Guidelines for Linguistic Linked Data Generation: Multilingual Dictionaries (BabelNet).

The process of creating a Linked Data (LD) version of a lexical resource, in particular BabelNet, is describe in these guidelines. These guidelines contain advice on the vocabularies selection, RDF generation process and publication of the results. This document describes the models used and the design decisions taken during the conversion of BabelNet into the well-known lemon representation. More in general, we will describe common patterns that naturally emerge when converting a lexical resource into RDF format. Read More

Guidelines for Linked Data corpus creation using NIF.

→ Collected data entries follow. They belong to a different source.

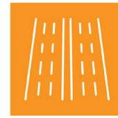
Enhance Safety & Emergency Evacuation
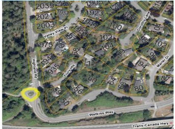
Watkiss Way/Highland Rd (Bus turn around)
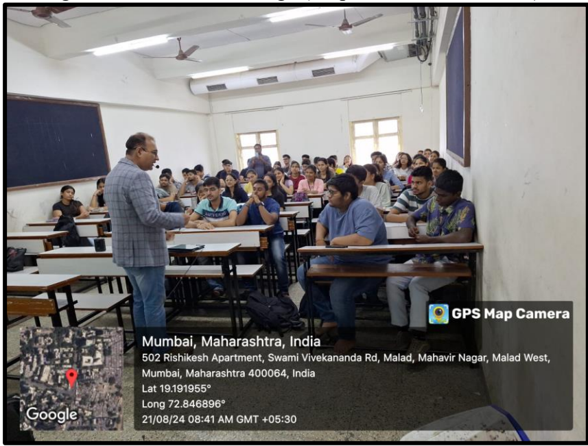
"Unlock your banking potential"
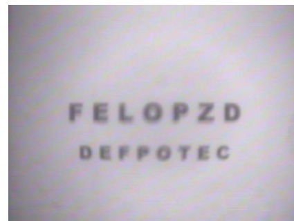
(d) F_g = -1.0 D

This document describes best practices to follow for the generation of Linked Data text corpora, using the NLP Interchange Format (NIF). NIF is an RDF/OWL-based format that aims to achieve interoperability between NLP tools, language resources and annotations. It can be used to assign URIs to strings and annotate the resulting resources. The Brown corpus serves as example throughout these guidelines. Read More

Guidelines for developing NIF-based NLP services.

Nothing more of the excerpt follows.